23 Feb 2015

Bash Prompt Command Duration

My current bash prompt is fairly useful, it tells me on which machine it's running (useful for situations where I'm ssh'ed out to different places or running in one of multiple text-based VMs), it tells me which under which user I'm currently running, and it indicates where I am in the directory structure. If I happen to be located in a git repository it'll also tell me which branch is currently checked-out, and whether or not my working directory is clean.

A couple years back I added a timestamp: every time bash prints out my prompt, it prints out the date and time it did so. I found that I would write code using one or more terminals and I'd have another terminal for "make check". Since the testing could take a while I would often go off and do other things while waiting for it to complete. Sometimes I would go off for so long that, upon returning, I couldn't remember whether or not the tests were run after my most recent code changes! Comparing the time stamps on the various terminals (or on the code files) would quickly remind me whether or not the tests were run.
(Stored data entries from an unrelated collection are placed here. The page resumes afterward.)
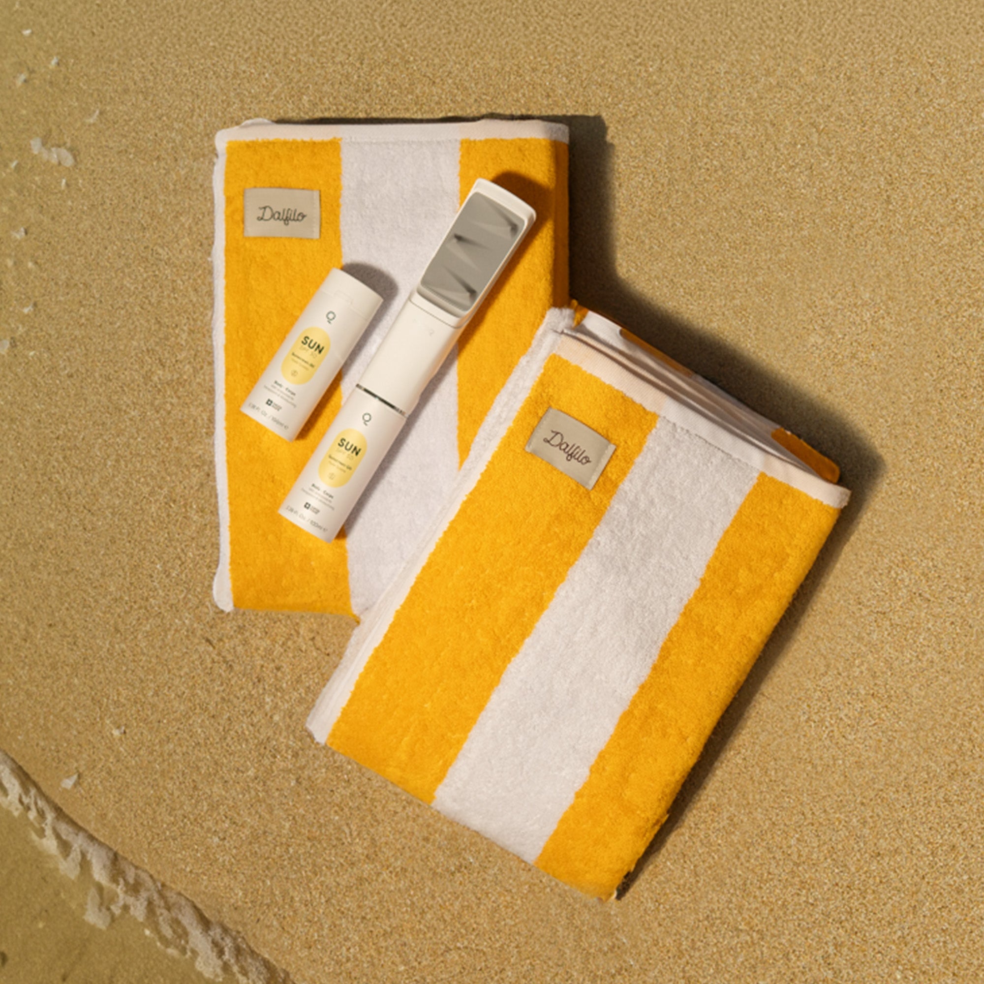 IONIQs innovative Tanningtechnologie trifft auf Dalfilos trendige, zeitlose Portofino-Strandtücher – eine perfekte Kombination für den Sommer!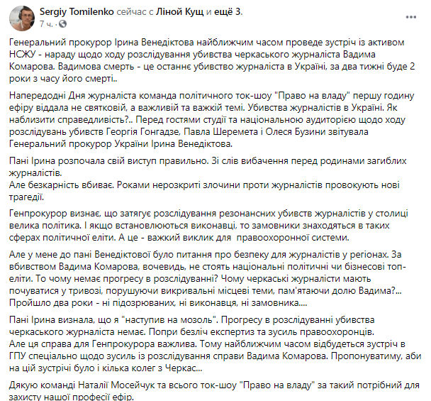 Ирина признала, что я "наступил на мозоль". Прогресса в расследовании убийства черкасского журналиста нет. Несмотря на множество экспертиз и усилий правоохранителей", - написал Томиленко и добавил, что он предложит, чтобы на встречу с Венедиктовой, где будут обсуждать хор расследования убийства Комарова, пригласили журналистов из Черкасс.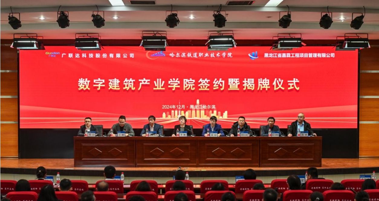 12月16日,哈铁学院与广联达科技股份有限公司、黑龙江省嘉霖工程项目管理有限公司共建“数字建筑产业学院”成立大会在学院图书馆报告厅举行。学院党委书记李颖、院长孟维军、广联达科技股份有限公司数字教育副总经理童心、解决方案部总监霍天昭、黑龙江省嘉霖工程项目管理有限公司总经理刘长春、副总经理苏斌及合作单位嘉宾、师生代表参加成立大会,会议由副院长王璐主持。

In recent years I've also taken to using "pushd" and "popd" quite a bit. In a strange way, pushing into other directories has sort of become a rather crude "todo list" in my workflow. I'll be working on task A, but then realize something else needs to be done. I'll "pushd" somewhere else to do task B and, if I remember to "popd", be brought back to task A. Trying to remember how many levels deep I was became difficult, so I added a "dirs:" count to my bash command line to keep track of how many times I had "pushd".

Since the pushd count proved so useful, I also added something similar to keep track of how many background tasks a given terminal had spawned; a "jobs:" count.

Recently I've come to realize that there's another piece of information I'd like my bash prompt to keep track of for me: what was the duration of the last command I just ran?

Often I'll do a "du -sh <dir>" on some directory to see where all my disk space is being eaten up. Often I can guess which directories contain few bytes and which contain a lot. But sometimes an innocuous looking directory will surprise me and "du" will take a long time. When it does finish my first question is invariably: how long did _that_ take?! Also I tend to do a lot of builds, and I'm always curious to know how long a build took. For commands that produce little output, figuring out the duration is easy: I just look at the current prompt's timestamp and compare it to the last prompt's timestamp. But for any command which produces lots of "scroll off the end of the scroll-back buffer" output I lose the ability to figure out if a command ended shortly after I gave up waiting and went to bed, or whether it finished just before I got up in the morning.

Therefore I recently tweaked my bash command-line prompt, yet again, to give me the duration of the last command that was run.

There are two "tricks" that were necessary to get this working successfully. The first is the "SECONDS" environment variable bash provides. If you haven't undefined it, or otherwise used it for your own purposes, bash provides an environment variable called "SECONDS" which, when read, gives you the number of seconds since a given bash instance was started. The second trick is using bash's "trap" functionality with the "DEBUG" signal. When using trap: "if a sigspec is DEBUG, the command arg is executed before every simple command".

Keeping track of the duration of any command is a simple matter of storing the current SECONDS at the start of the command, then comparing that value to the current SECONDS at the end of the command. We know when any new command is about to start thanks to the DEBUG trap, and we know when the command is done thanks to bash printing a new PS1 prompt.

You can find all the gory details here:
https://github.com/twoerner/myconfig/blob/master/bashrc

Final tweaks include not printing a duration if it is zero, and printing the duration in hh:mm:ss format if it is longer than 59 seconds.